SLAs & Acceptance Criteria

Production SLAs

SLA Target Measurement
Control plane API availability 99.9% Uptime checks + gateway health
API read response time (p99) ≤ 10ms Histogram on cached read paths
Task scheduling latency (median) ≤ 50ms Ready detection → dispatch
Task scheduling latency (p95) ≤ 500ms End-to-end scheduling path
Task execution correctness ≥ 99% pass rate Task success / (success + failure)
Worker failure detection ≤ 30s Heartbeat stream gap
Event durability ≤ 1s Async path to durable audit log

The 10ms read SLA is the hardest constraint in the system. It is the reason the cache architecture exists.
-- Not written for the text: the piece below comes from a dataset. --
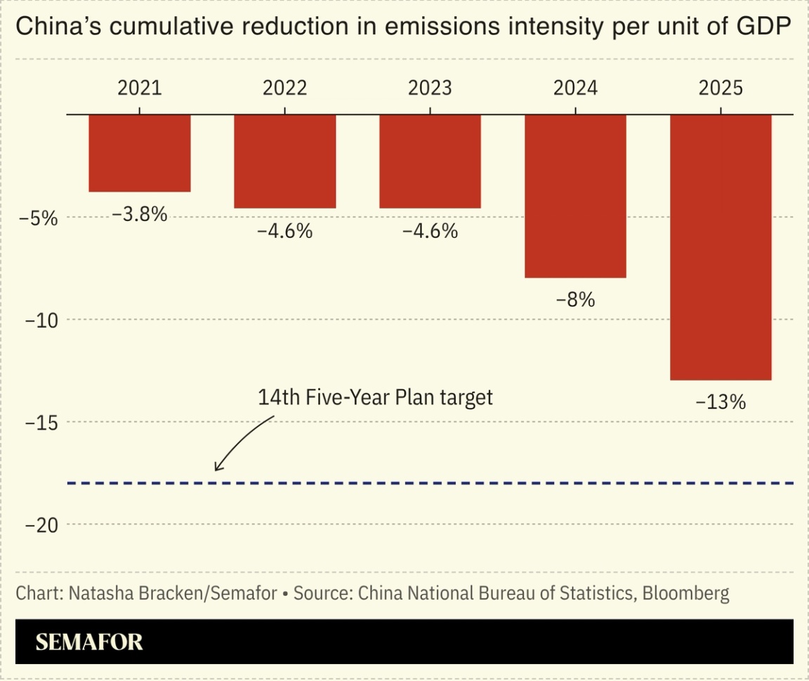 China is targeting a 17% cut in carbon intensity under its 15th five-year plan, it announced Thursday, as the country declares its ambition to “lead global climate governance.” The plan drops long-standing energy intensity targets, reflecting a shift toward measuring climate progress based directly on emissions. Greenpeace said that meant the pace of total emissions reductions will depend mostly on whether renewable energy deployment can keep pace with overall economic growth. Beijing’s renewables rollout, which now accounts for roughly 11% of China’s GDP, is set to continue through the decade: The latest five-year plan calls for replacing 30 million metric tons of coal with renewables annually and aims to bring coal to peak consumption by 2030, but stops short of stricter caps. Beijing wants non-fossil fuels to reach a quarter of total energy use by the end of the decade, up from 21% last year. The plan reaffirmed China’s conviction to “fully implement” the UN’s climate convention and the Paris Agreement, just as US President Donald Trump withdrew from the Paris accord for a second time, and exited a string of UN climate bodies. —Natasha Bracken |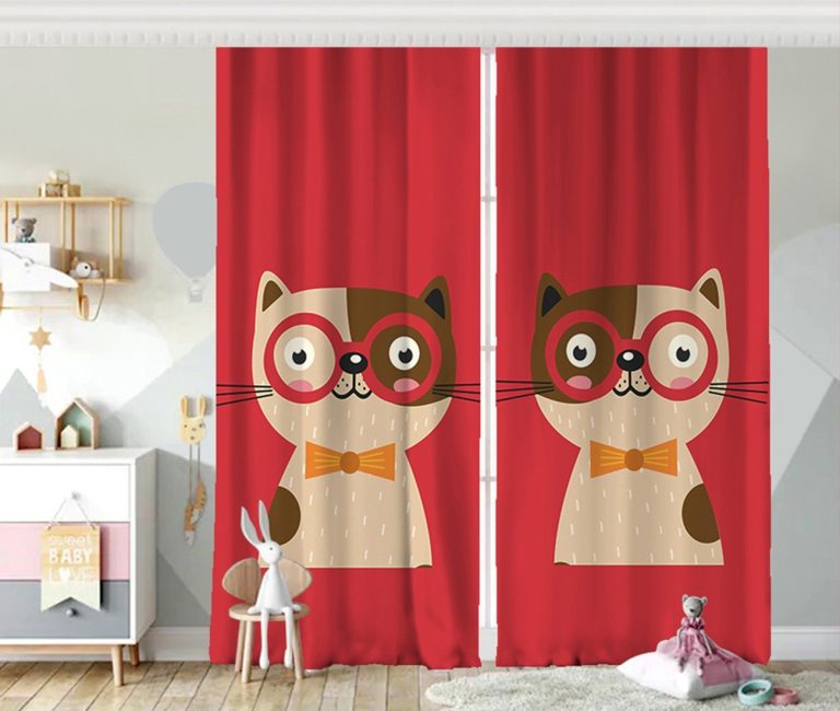 Realhomes Renkli Kedi Dijital Baskılı Modern Fon Perde

Any code path that reads from Postgres synchronously on a hot API endpoint is a bug — not a performance issue, a correctness issue.

MVP functional acceptance

Criterion Phase delivered
Spawn and run a persistent agent Phase 1
Planner produces task DAGs from a goal Phase 4
Scheduler detects ready tasks and dispatches to workers Phase 1
Worker executes tasks and returns results persisted in Postgres Phase 1/2
Task state transitions emit events to events table Phase 1
Observability traces visible for each task execution Phase 5
Tool runtime can run sandboxed command and return artifact Phase 2

Scale targets

Target Value
Concurrent agents Millions
Tasks per day 100M+
No single API call > 10ms
Worker failure detection ≤ 30s

These are design targets. Load-testing procedures live in the Astra repo.